● **RECORDS FOR PROCESSING**
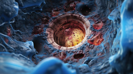 Microscopic red cells flowing through tissue tunnel. Generative AI
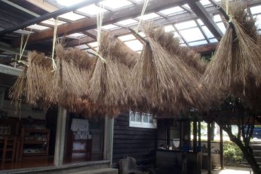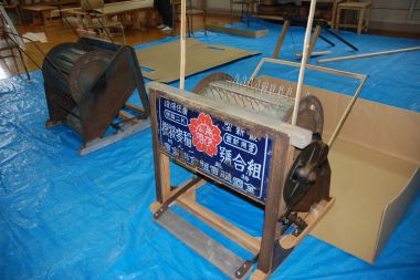 乾燥させた麦の脱穀をするために、千羽すきと足ふみ脱穀機の準備
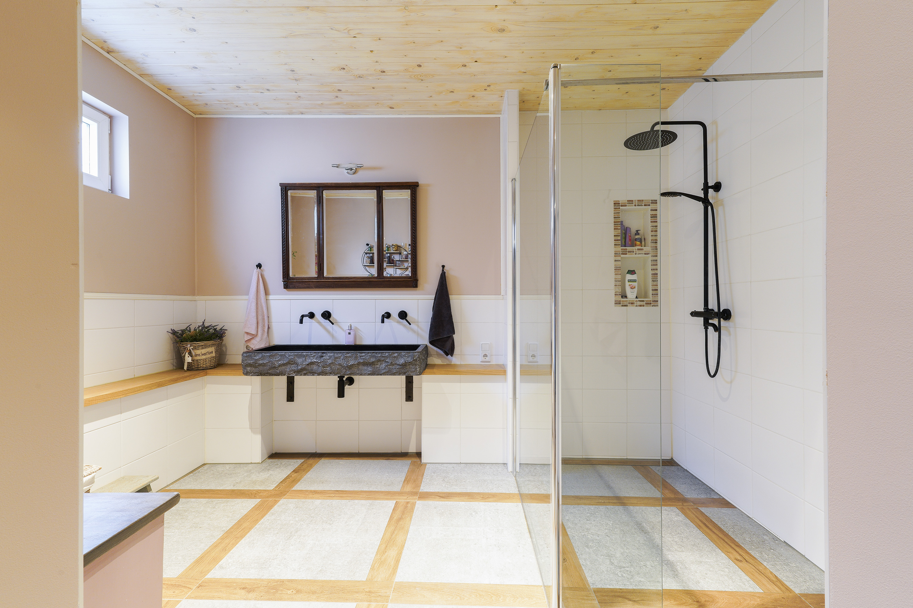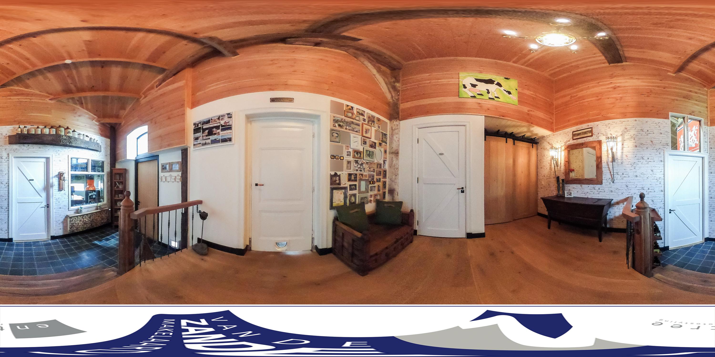 De aangrenzende garage doet zijn naam geen eer aan. Met een oppervlakte van circa 160 m², een grote sectionaaldeur aan de achterzijde van 3,5 meter breed én hoog, een vliering en extra inpandige ruimtes is dit een droom voor liefhebbers van auto’s, stallen van een camper, verzamelaars of hobbyisten. Een grote bus rijdt hier moeiteloos naar binnen. En dan hebben we het nog niet eens over de overige inpandige ruimtes gehad, want met de zolder boven de bar beschikt de woning in het geheel over ruim 300 m² aan extra ruimte naast de woonoppervlakte.
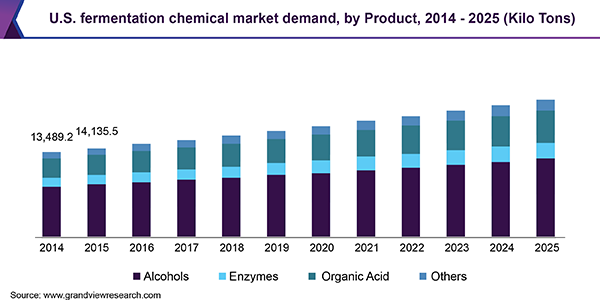 Fermentation Chemicals Product Outlook (Volume, Kilotons; Revenue, USD Million, 2014 – 2025)
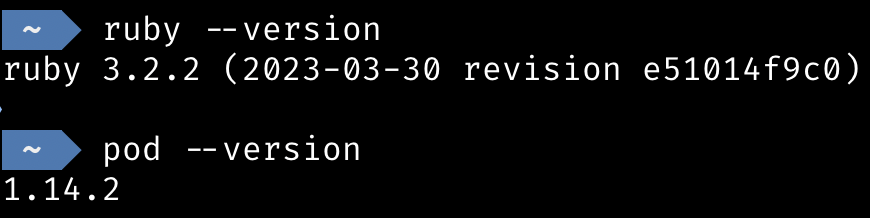 경로로 rbenv 아래에 최신 루비(3.2.2) 아래에 최신 코코아팟(1.14.2)가 깔린 것을 알 수 있습니다!
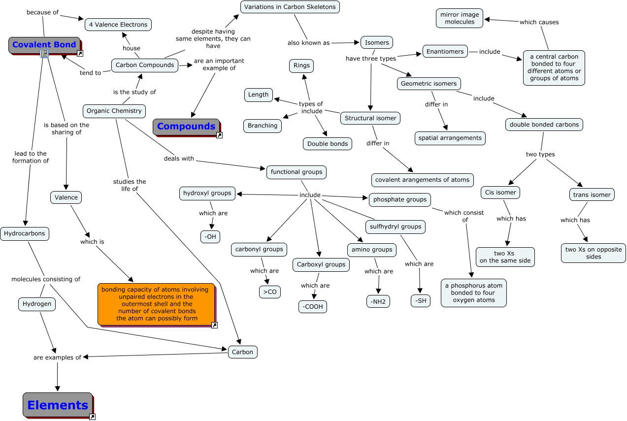 This Concept Map, created with IHMC CmapTools, has information related to: chapter 4-Jeff change, Covalent Bond because of 4 Valence Electrons, Structural isomer types of include Length, functional groups include carbonyl groups, Organic Chemistry studies the life of Carbon, Structural isomer types of include Double bonds, Isomers have three types Structural isomer, Hydrocarbons molecules consisting of Carbon, Carbon Compounds tend to Covalent Bond, sulfhydryl groups which are -SH, trans isomer which has two Xs on opposite sides, double bonded carbons two types Cis isomer, Hydrocarbons molecules consisting of Hydrogen, Structural isomer differ in covalent arangements of atoms, double bonded carbons two types trans isomer, Carboxyl groups which are -COOH, Structural isomer types of include Branching, functional groups include sulfhydryl groups, functional groups include phosphate groups, Structural isomer types of include Rings, Enantiomers include a central carbon bonded to four different atoms or groups of atoms
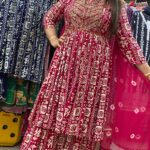Attractive 3pc rayon front slit cut peplum set with hand & original mirror work on upper part & belt also with matching printed sharara with printed dupatta & matching print borders on dupatta.

● **GOAL OF THE EXERCISE**
Exactly as written, restate the lines from the one that contains "경로로 rbenv 아래에" through the final line of the data, both ends included, but leave out the pictures.

● **RESULT**
 경로로 rbenv 아래에 최신 루비(3.2.2) 아래에 최신 코코아팟(1.14.2)가 깔린 것을 알 수 있습니다!
 This Concept Map, created with IHMC CmapTools, has information related to: chapter 4-Jeff change, Covalent Bond because of 4 Valence Electrons, Structural isomer types of include Length, functional groups include carbonyl groups, Organic Chemistry studies the life of Carbon, Structural isomer types of include Double bonds, Isomers have three types Structural isomer, Hydrocarbons molecules consisting of Carbon, Carbon Compounds tend to Covalent Bond, sulfhydryl groups which are -SH, trans isomer which has two Xs on opposite sides, double bonded carbons two types Cis isomer, Hydrocarbons molecules consisting of Hydrogen, Structural isomer differ in covalent arangements of atoms, double bonded carbons two types trans isomer, Carboxyl groups which are -COOH, Structural isomer types of include Branching, functional groups include sulfhydryl groups, functional groups include phosphate groups, Structural isomer types of include Rings, Enantiomers include a central carbon bonded to four different atoms or groups of atoms
Attractive 3pc rayon front slit cut peplum set with hand & original mirror work on upper part & belt also with matching printed sharara with printed dupatta & matching print borders on dupatta.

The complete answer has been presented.